Although it looks odd that the 1 millionth and 10 millionth terms are the same (and I have no independent source to check against), it would appear that the 1 millionth cubefree number is 1,202,057 which is prime and the 10 millionth such number is coincidentally 10 times this.
import "./math" for Int
import "./fmt" for Fmt
var res = [1]
var count = 1
var i = 2
var lim1 = 100
var lim2 = 1000
var max = 1e7
while (count < max) {
var cubeFree = false
var factors = Int.primeFactors(i)
if (factors.count < 3) {
cubeFree = true
} else {
cubeFree = true
for (i in 2...factors.count) {
if (factors[i-2] == factors[i-1] && factors[i-1] == factors[i]) {
cubeFree = false
break
}
}
}
if (cubeFree) {
if (count < lim1) res.add(factors[-1])
count = count + 1
if (count == lim1) {
System.print("First %(lim1) terms of a[n]:")
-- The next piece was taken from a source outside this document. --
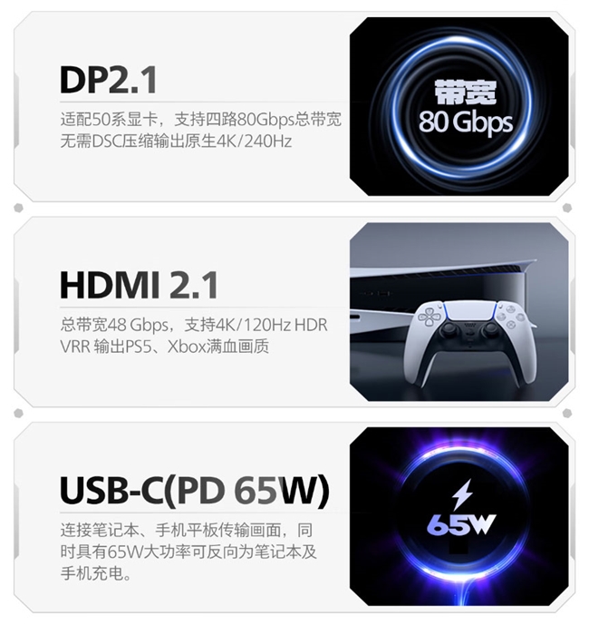 32M2N8900X还配备了DP2.1接口,提供高达80Gbps的满血传输带宽,支持无损信号传输,有效避免画面压缩与切换黑屏。此外HDMI2.1接口总带宽48Gbps,为连接多种游戏主机及设备提供高速可靠的传输保障。Type-C接口则可连接笔记本、手机平板传输画面,同时具有65W大功率,可反向为笔记本及手机充电。

Fmt.tprint("$3d", res, 10)
} else if (count == lim2) {
Fmt.print("\nThe $,r term of a[n] is $,d.", count, factors[-1])
lim2 = lim2 * 10
}
}
i = i + 1
}
- Output:
First 100 terms of a[n]: 1 2 3 2 5 3 7 3 5 11 3 13 7 5 17 3 19 5 7 11 23 5 13 7 29 5 31 11 17 7 3 37 19 13 41 7 43 11 5 23 47 7 5 17 13 53 11 19 29 59 5 61 31 7 13 11 67 17 23 7 71 73 37 5 19 11 13 79 41 83 7 17 43 29 89 5 13 23 31 47 19 97 7 11 5 101 17 103 7 53 107 109 11 37 113 19 23 29 13 59 The 1,000th term of a[n] is 109. The 10,000th term of a[n] is 101. The 100,000th term of a[n] is 1,693. The 1,000,000th term of a[n] is 1,202,057. The 10,000,000th term of a[n] is 1,202,057.